JSON Web Tokens or JWTs are great for apps. They're also great if you need to share authentication across services or if you really need stateless authentication.. For a standard web app talking to its own backend? Session cookies are fine and less complicated.
I'm glad I implemented JWTs. I understand the tradeoffs now. I know why someone would choose one, over the other. I didn't just follow a tutorial.
My Current Checklist
These days before I say that authentication is done I make sure that authentication is really done. I do a things to make sure of this.
- We store tokens in HTTP- cookies or we use sessions.
- In production we set the `flag so that cookies are only sent over HTTPS.
- The
SameSiteattribute is set up to stop CSRF attacks. - The login endpoint has rate limits to prevent people from trying lots of passwords.
- The JWT payload does not have data because it is base64 encoded not encrypted.
- Passwords are hashed using bcrypt, with least 10 rounds.
- If I use refresh tokens I make sure to rotate them.
I also make sure that these authentication changes go through automated tests before they are deployed.

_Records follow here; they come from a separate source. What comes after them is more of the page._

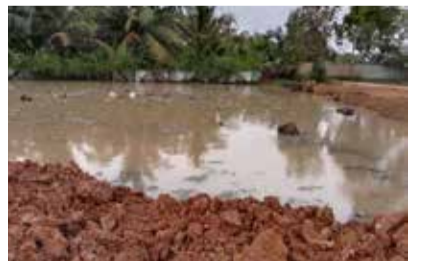
போட்டு நிரப்பியதாக அட்டாளைச்சேனை தவிசாளர் கூட்டத்தில் தெரிவித்திருந்தார். இருந்தபோதிலும் சிறுவர் பூங்கா அமைப்பதற்கு மக்கள் இணங்கவில்லை. மாறாக திராயக்கேணியின் இருப்புக்கு காரணமாக அமைந்த கேணியை மீண்டும் தோண்டி, தீர்த்தக்கேணி அமைக்க இணக்கம் தெரிவிக்கப்பட்டது. (ஐ)

அட்டாளைச்சேனை, மார்ச் 14 அட்டாளைச்சேனை - திராயக்கேணி தமிழ்க் கிராமத்தில் சர்ச்சைக்குரிய மண் நிரப்பு விவகாரத்துக்கு எதிர்ப்புத் தெரிவித்த பொதுமக்கள், அந்தஇடத்தை மீண்டும் தோண்டி, தீர்த்தக்கேணி அமைக்கவேண்டுமென தீர்மானம் எடுத்துள்ளனர். இந்தத் தீர்மானத்தை எழுத்து வடிவில் 3 நாள் காலஅவகாசம் கேட்ட அட்டாளைச்சேனை பிரதேச செயலாளரிடம் பொது மக்கள் கையளித்துள்ளனர். இந்தக் காணியில் சிறுவர் பூங்கா அமைப்பதற்கும் அருகிலுள்ள சலவைத் தொழிலாளர் கட்டடத்தை புனரமைத்துத் தரவுமே அந்தக் காணியை மண்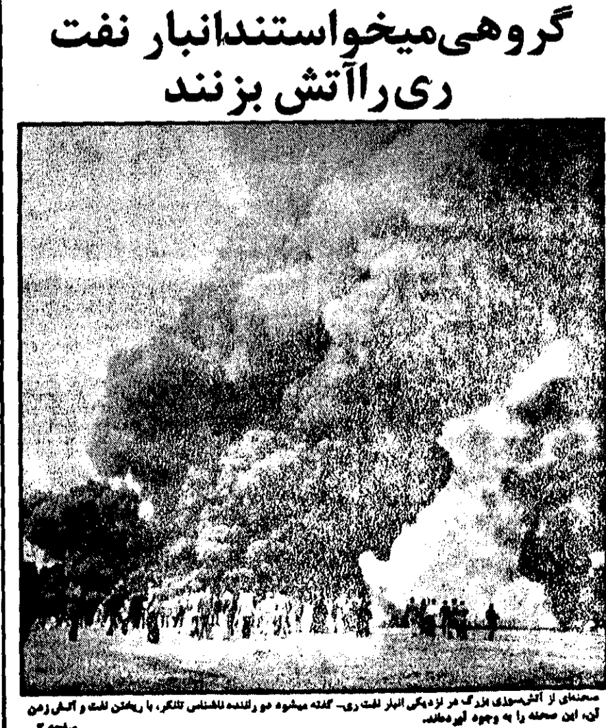
مستعین از آنستند، بزرگ در زنده یکی از ارتش روی - گفته میشود می‌راندند لاشتنی تانکر، با یکن لکت و آکسی زدن این صحنه را به وجود آورده اند.

ارتش چرا کودتا کند؟ در حدی لیستند که بتوانند روی انضباط و یکپارچگی ارتش اثر بگذارند، و نباید اجازه داد که اعمال زیر جلی آنها در میان افکار عمومی اثر بد بگذارد. زیرا محصول اشکبار و احساسات اینان، تغییر شرایط و احوال موجود نخواهد بود، بلکه خطری را به جانب پیوند ملی ارتش سوق می‌دهد، که سواد نصاب بیگانگان و زینت متوجه کشور ما خواهد شد. ارتش نمی‌تواند از مردم جدا باشد، زیرا لکتک سربازهای دیگرش، با مردم گره خورده است. سربازانش، افسران و آزادیهای بنیانی وجودش، از مردم جدا نیستند و به صلت تلقی دارند. در سطحی نیست که مداخله ارتش بتواند باساختگی آنها باشد، و اگر قرار بود کارها به این آسانی سامان پذیرد، این یکسال و نیم یا دو سال پرخواب و پرتلاطم و هیجان بر کشور ما نمی‌گذشت. خصلت ارتش حساس و سرگشته فرستادن و درگیریهایی سیاسی داخل کشور نیست، و ارتش ما را به مصلحت کشور و به مصلحت ارتش، باید از حضور در خارج و جریانهایی سیاسی و درون شهری، و آلوده شدن به جریانهایی سیاسی مابعد و دور نگاه داشت. این حکم عقل است که فردا و هیچ روز دیگر، ارتش خود را به درگیری در مسائل سیاسی داخلی کشور آماده نسازد، و دلیلی وجود ندارد که گمان بریم فرماندهی عالی ارتش، راهی جز این بر این قرار دهد، حتی اگر موجودیت و منافع و موقع چند متهم متمم از مواهب یادآورده سالهای گذشته، به مغایره مصلحت ما به بازخواست دادگاه و عدالت بماند. و هرگز کسی جز این یک خطای نابهنشودنی است که تاریخ فردا از آن، به خامی مقدمان آن یاد خواهد کرد.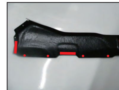
導入ダクトカバーの裏にクッションテープとゴムダンパーを貼り付けます。右図を参照してゴムダンパーを貼り付けてください。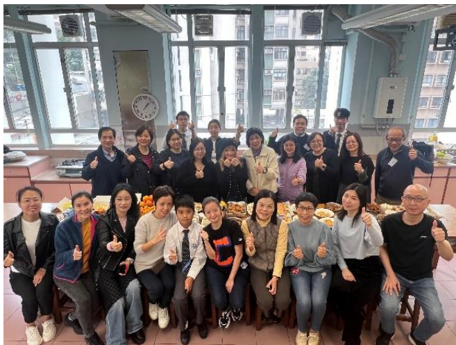
家長義工與老師大合照

為加強家長義工之間的彼此聯繫，本會於 2024 年 2 月 25 日中午在家政室舉行「家長義工新春團拜」。各家長義工預備不同的賀年食品，一同品嚐美食及分享製作心得，共度快樂的中午。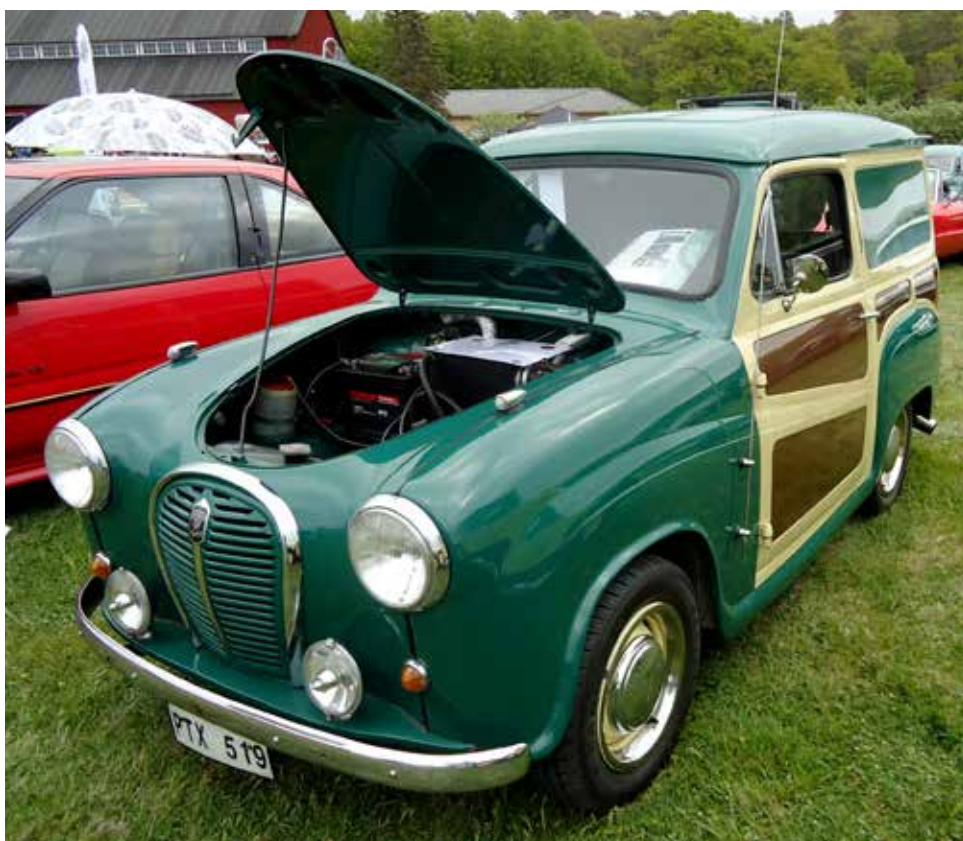
Austin A35 VAN 1957. Idag en extremt ovanlig bil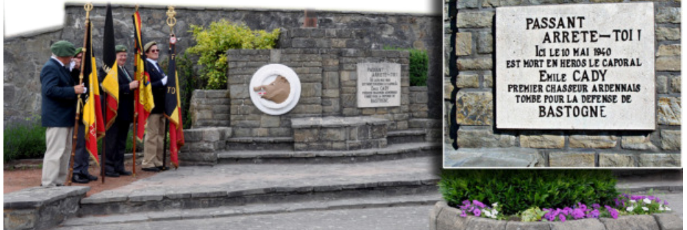
Monument en hommage au Caporal Emile Cady du 2 ChA

En 1940, le 10 mai, la Belgique est envahie par l'Allemagne. A la fin de la journée, les Allemands occupent Bastogne en dépit de l'héroïque résistance des Chasseurs Ardennais qui ont perdu un des leurs, le caporal Emile Cady du 2e Régiment de Chasseurs Ardennais/2e Bataillon/5e Compagnie.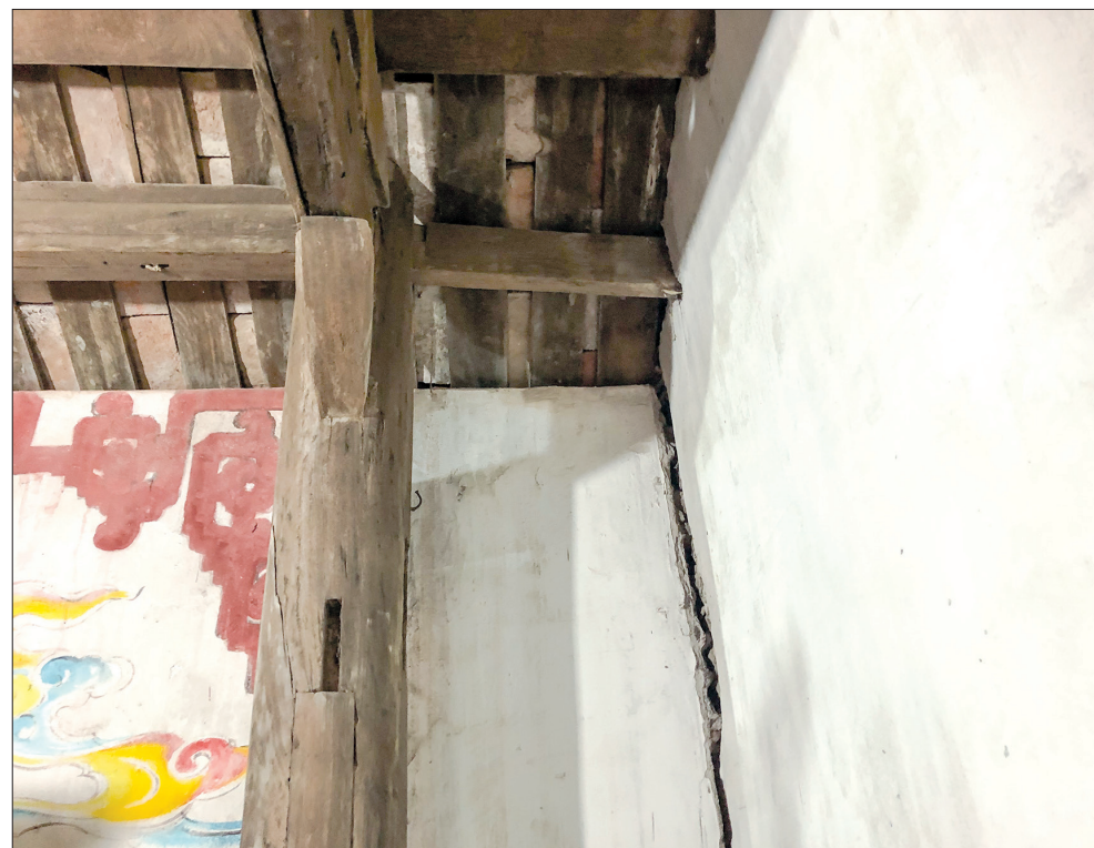
Tường của đình đã nứt toác.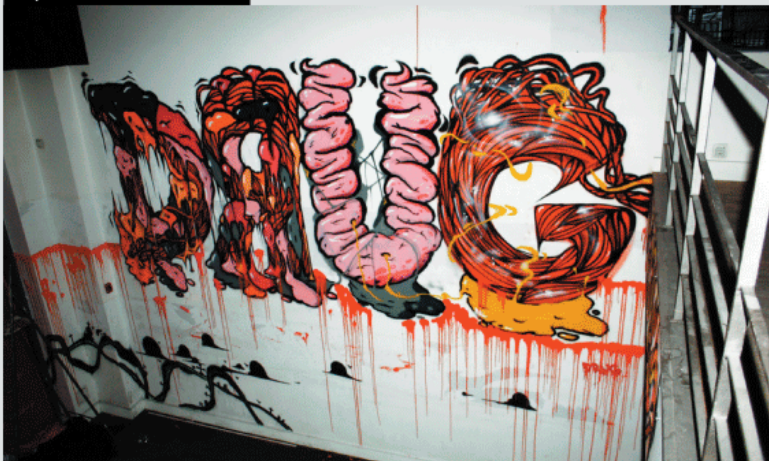
Multi FALO VISP

This is something that I wrote about in my guide on setting up CI/CD, for MERN with GitHub Actions.
Not Totally Confident
I still get a little nervous about authentication.
Every months some new vulnerability gets found and I wonder if my authentication implementation is affected.
I will read an article about session fixation or token sidejacking. I will go double-check my authentication code.
Maybe that is a thing.
Authentication is one of those areas where being a little paranoid probably keeps you from getting lazy with your authentication.
I am not an expert, in authentication.
I am someone who has messed up authentication enough times to know what not to do with authentication.
If you are building authentication for the time you will probably make mistakes with your authentication.
That is fine.
Just fix your authentication mistakes before you go to production with your authentication.